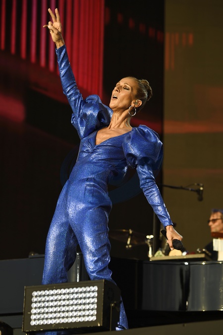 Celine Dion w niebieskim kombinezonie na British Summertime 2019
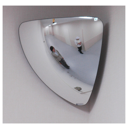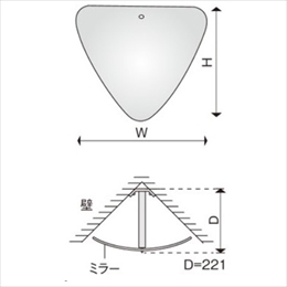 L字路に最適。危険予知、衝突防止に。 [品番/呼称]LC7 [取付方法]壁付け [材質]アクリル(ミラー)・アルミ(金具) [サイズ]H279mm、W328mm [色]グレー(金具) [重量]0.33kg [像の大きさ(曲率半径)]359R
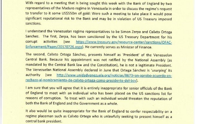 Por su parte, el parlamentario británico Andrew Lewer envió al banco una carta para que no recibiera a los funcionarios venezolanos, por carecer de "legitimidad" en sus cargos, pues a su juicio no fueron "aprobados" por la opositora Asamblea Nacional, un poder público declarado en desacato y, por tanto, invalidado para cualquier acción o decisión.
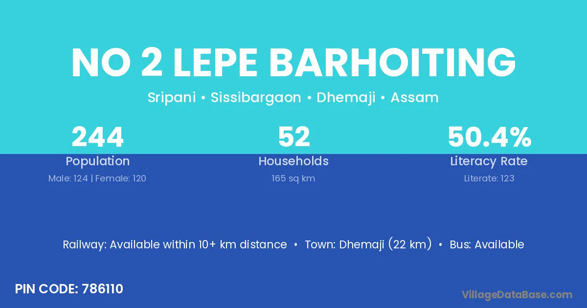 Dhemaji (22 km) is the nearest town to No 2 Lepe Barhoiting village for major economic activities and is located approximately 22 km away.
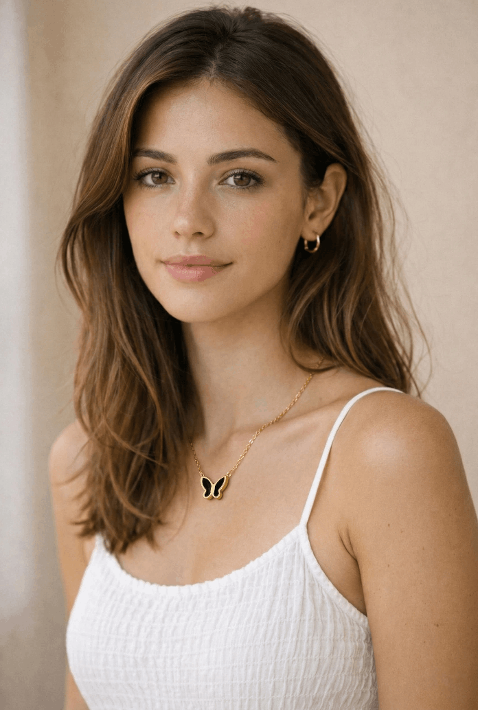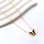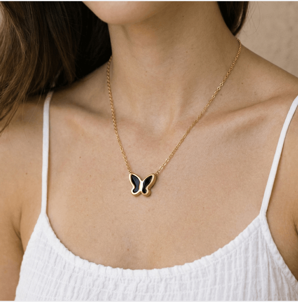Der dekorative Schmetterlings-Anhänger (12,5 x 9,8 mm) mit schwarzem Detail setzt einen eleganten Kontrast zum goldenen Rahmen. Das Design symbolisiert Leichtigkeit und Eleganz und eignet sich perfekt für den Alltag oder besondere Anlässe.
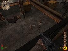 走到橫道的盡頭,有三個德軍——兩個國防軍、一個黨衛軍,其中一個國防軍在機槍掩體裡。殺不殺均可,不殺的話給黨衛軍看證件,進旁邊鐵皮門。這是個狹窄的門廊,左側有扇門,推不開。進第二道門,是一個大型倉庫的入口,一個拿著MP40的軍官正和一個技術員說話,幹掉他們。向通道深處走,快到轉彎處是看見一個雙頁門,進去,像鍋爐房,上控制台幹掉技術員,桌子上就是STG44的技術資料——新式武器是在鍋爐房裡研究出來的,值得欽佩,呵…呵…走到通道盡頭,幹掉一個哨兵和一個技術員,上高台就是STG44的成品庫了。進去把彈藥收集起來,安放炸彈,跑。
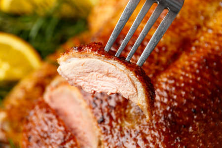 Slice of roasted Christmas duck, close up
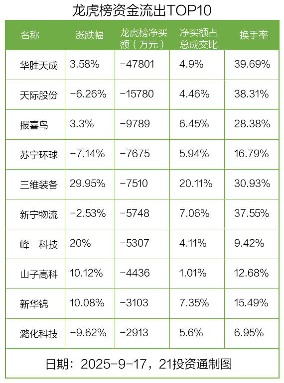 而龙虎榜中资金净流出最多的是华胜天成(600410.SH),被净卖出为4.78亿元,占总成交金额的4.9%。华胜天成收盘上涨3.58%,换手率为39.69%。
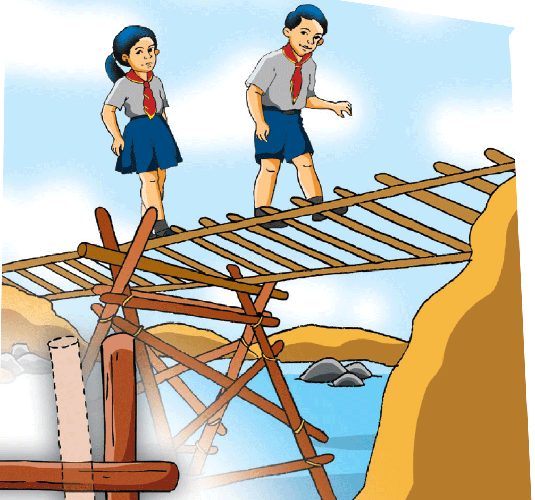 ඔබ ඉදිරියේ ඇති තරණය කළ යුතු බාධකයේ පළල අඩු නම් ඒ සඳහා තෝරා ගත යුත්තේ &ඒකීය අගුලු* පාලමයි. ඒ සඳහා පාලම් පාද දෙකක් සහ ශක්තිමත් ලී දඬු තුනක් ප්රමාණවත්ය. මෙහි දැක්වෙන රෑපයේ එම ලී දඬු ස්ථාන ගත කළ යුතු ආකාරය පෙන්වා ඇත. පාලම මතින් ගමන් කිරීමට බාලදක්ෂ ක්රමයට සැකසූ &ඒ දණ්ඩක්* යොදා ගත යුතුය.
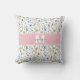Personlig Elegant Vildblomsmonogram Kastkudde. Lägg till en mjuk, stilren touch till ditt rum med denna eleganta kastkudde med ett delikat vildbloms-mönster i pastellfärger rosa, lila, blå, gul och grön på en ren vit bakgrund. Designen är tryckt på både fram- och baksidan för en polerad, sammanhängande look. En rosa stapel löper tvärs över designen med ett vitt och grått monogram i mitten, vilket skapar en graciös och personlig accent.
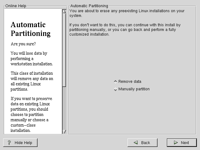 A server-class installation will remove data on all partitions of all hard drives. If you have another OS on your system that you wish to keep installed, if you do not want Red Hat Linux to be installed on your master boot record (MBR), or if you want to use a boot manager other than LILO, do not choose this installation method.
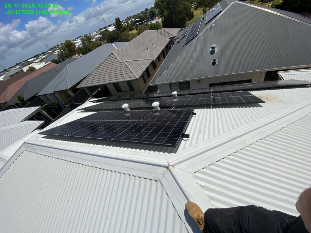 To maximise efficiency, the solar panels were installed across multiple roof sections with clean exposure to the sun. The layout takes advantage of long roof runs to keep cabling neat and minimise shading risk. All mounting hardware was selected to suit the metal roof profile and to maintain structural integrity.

__To do__
Please reproduce the listing exactly from its opening line through the line that contains "L字路に最適。危険予知、衝突防止に。 [品番/呼称]LC7 [取付方法]壁付け", both included, with all pictures omitted.

__Answer box__
 Celine Dion w niebieskim kombinezonie na British Summertime 2019
 L字路に最適。危険予知、衝突防止に。 [品番/呼称]LC7 [取付方法]壁付け [材質]アクリル(ミラー)・アルミ(金具) [サイズ]H279mm、W328mm [色]グレー(金具) [重量]0.33kg [像の大きさ(曲率半径)]359R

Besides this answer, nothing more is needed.